**The problem**
After locating the line that contains "Nancy_54 La Place" in the data below, set down exactly that line and each one after it through the line that contains "Мы снова рады", and nothing more.

**Recorded information**

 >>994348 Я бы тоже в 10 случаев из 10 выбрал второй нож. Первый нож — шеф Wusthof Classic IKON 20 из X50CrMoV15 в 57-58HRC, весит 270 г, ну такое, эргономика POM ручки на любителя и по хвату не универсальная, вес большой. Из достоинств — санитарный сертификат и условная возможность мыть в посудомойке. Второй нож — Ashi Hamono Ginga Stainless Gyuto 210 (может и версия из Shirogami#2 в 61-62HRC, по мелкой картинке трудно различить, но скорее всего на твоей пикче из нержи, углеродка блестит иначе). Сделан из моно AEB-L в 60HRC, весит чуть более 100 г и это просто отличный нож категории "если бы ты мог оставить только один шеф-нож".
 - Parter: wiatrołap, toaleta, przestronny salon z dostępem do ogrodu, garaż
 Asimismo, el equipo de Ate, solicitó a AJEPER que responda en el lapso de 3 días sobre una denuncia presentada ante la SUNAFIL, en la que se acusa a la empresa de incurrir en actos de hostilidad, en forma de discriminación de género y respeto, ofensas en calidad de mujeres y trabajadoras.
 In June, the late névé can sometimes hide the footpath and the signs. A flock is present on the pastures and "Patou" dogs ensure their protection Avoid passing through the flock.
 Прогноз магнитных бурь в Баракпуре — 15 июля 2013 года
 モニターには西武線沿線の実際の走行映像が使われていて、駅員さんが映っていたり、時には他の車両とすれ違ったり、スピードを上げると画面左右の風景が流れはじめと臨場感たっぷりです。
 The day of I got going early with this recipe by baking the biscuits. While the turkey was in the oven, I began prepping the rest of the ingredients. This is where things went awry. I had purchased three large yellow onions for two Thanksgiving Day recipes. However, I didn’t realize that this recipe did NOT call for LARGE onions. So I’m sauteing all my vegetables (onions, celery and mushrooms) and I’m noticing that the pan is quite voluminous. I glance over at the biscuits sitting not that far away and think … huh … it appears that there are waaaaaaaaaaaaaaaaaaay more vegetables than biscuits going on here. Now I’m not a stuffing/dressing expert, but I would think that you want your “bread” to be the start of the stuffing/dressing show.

* * *

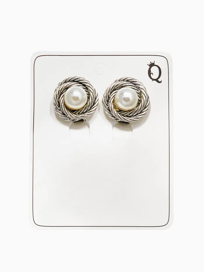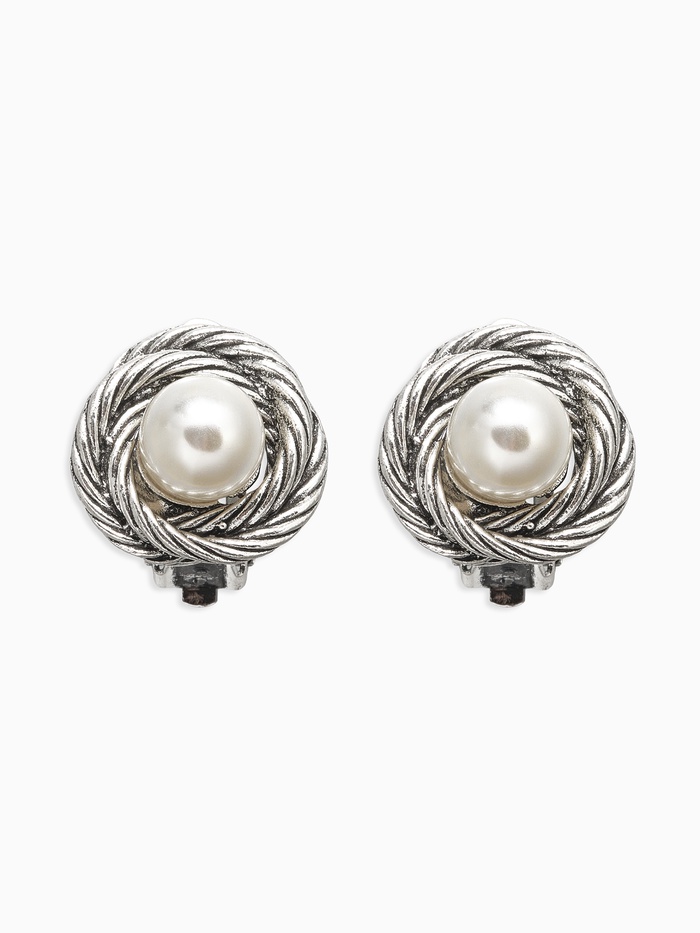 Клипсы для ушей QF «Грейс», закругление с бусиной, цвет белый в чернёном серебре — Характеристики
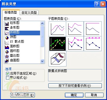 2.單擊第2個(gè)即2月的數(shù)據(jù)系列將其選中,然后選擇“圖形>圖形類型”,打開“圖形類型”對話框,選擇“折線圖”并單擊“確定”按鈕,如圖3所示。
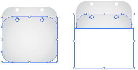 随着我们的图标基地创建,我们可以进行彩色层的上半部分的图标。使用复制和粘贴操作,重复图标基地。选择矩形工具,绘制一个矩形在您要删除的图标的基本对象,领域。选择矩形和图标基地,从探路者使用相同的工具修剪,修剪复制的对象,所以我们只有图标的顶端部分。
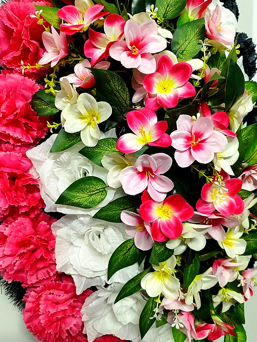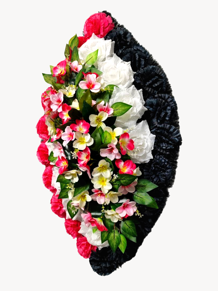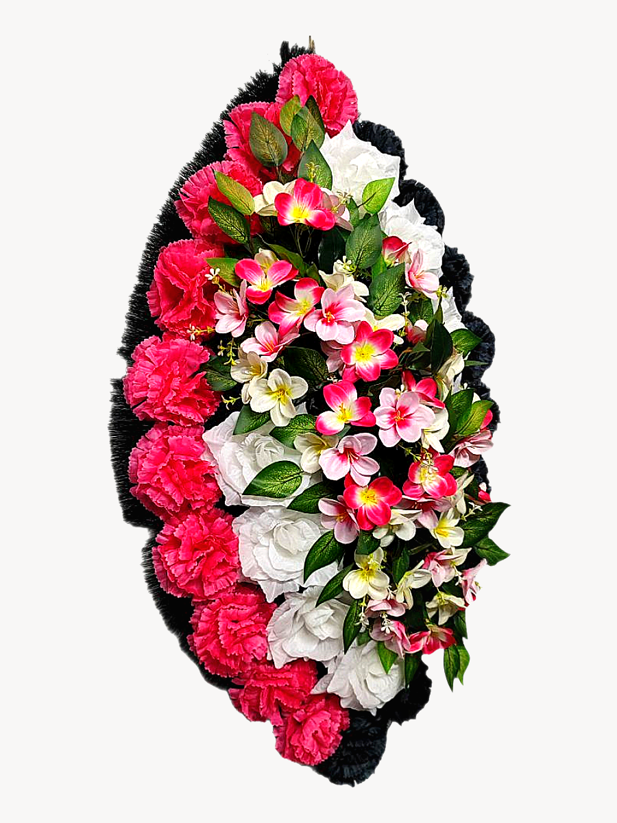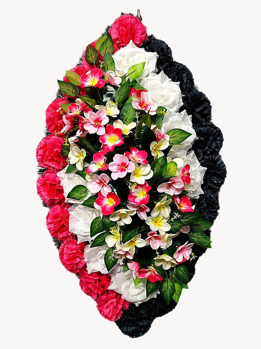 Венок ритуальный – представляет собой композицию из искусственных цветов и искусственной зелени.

* * *

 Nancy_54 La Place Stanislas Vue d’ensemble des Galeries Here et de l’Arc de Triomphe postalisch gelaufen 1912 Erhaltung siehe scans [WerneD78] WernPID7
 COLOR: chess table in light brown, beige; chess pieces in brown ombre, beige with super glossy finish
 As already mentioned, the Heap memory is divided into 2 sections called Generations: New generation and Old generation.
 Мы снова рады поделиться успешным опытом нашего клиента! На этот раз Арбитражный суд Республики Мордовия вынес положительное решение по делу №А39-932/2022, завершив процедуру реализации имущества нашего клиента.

**Result below**
 Nancy_54 La Place Stanislas Vue d’ensemble des Galeries Here et de l’Arc de Triomphe postalisch gelaufen 1912 Erhaltung siehe scans [WerneD78] WernPID7
 COLOR: chess table in light brown, beige; chess pieces in brown ombre, beige with super glossy finish
 As already mentioned, the Heap memory is divided into 2 sections called Generations: New generation and Old generation.
 Мы снова рады поделиться успешным опытом нашего клиента! На этот раз Арбитражный суд Республики Мордовия вынес положительное решение по делу №А39-932/2022, завершив процедуру реализации имущества нашего клиента.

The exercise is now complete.